Las Vegas Review-Journal (Sunday)
Study ties vitamin D levels to breast cancer survival
Direct link remains unproven, experts say
For women diagnosed with breast cancer, high serum vitamin D levels might be tied to better odds of surviving and having tumors with less deadly characteristics, suggests a new study.
While the new study supports previous research on vitamin D and breast cancer, it can’t prove that boosting vitamin D levels will improve outcomes for women with breast cancer.
“Overall, we found a 30 percent reduction of all-cause mortality associated with vitamin D levels at the time of diagnosis,” said the study’s lead author Song Yao, of the Roswell Park Cancer Institute in Buffalo, New York.
The researchers used data from an ongoing study of California women started in 2006. Women were usually enrolled within two months of being diagnosed with invasive breast cancer. Participants’ average age was about 59. They were evaluated when they entered the study and periodically afterward.
The women were split into three roughly equally-sized groups, with about 520 participants each, based on their serum levels of 25-hydroxyvitamin D.
The researchers found low levels among women with more advanced cancers.

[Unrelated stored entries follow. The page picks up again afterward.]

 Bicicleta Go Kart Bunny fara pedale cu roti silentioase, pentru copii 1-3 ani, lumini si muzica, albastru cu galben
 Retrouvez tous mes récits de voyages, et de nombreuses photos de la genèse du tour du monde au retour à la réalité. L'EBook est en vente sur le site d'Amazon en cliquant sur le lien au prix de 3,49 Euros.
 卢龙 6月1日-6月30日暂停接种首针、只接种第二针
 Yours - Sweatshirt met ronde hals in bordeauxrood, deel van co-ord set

The lowest levels were in women who had not yet entered menopause and were diagnosed with triple-negative cancer, which tends to have worse outcomes than other types of breast cancers.
Over an average of seven years of follow-up, about 100 women with the lowest vitamin D levels died, compared with 76 women with the highest level of vitamin D.

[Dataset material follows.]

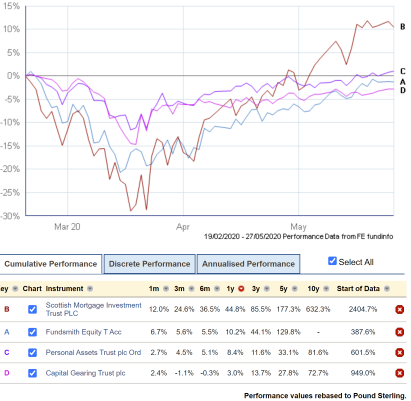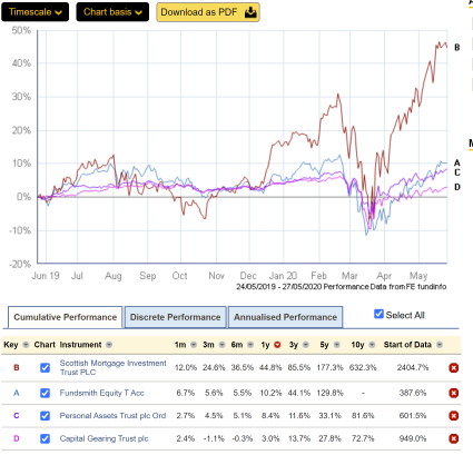 Of course, we know that Fundsmith or Scottish Mortgage could lose 50%+ in a bad couple of years (SMT has lost 70%+ in the past), while it is unlikely that CGT or PNL would do likewise (10-15% NAV drop at the worst of the market turmoil this March). We also know that it is difficult to predict the shape or duration of the next piece of market turmoil and if a 30% drop is not preceded by a 50% rise, or a drop does not recover but flatlines at a low level for a sustained period, then investors could have a Very Bad Time (tm).

Women with the highest vitamin D levels were 28 percent less likely to die of any cause during the study than women with the lowest vitamin D levels, after accounting for tumor characteristics and other factors, the researchers report in JAMA Oncology.
The link was stronger among premenopausal women. In that group, high vitamin D levels were also tied to a better chance of not having breast cancer recur, and not dying from it.
Yao told Reuters Health it would take a randomized controlled trial to examine whether high vitamin D causes women with breast cancer to live longer.
Dr. Wendy Chen, a breast cancer specialist at the Dana-Farber Cancer Institute in Boston, agreed that a trial would be needed to say there is a direct link.
“I would not be able to derive a causal relationship from this data, because of all the things that are related to vitamin D and survival,” said Chen, who was not involved with the new research.
For example, she said, obesity can influence vitamin D levels and breast cancer prognosis.
Chen said women with breast cancer who take low-dose vitamin D supplements should be able to continue during treatment.
People should get 600 international units of vitamin D each day from ages 1 through 70, according to the Institute of Medicine. Older people should get 800 IU of the vitamin each day.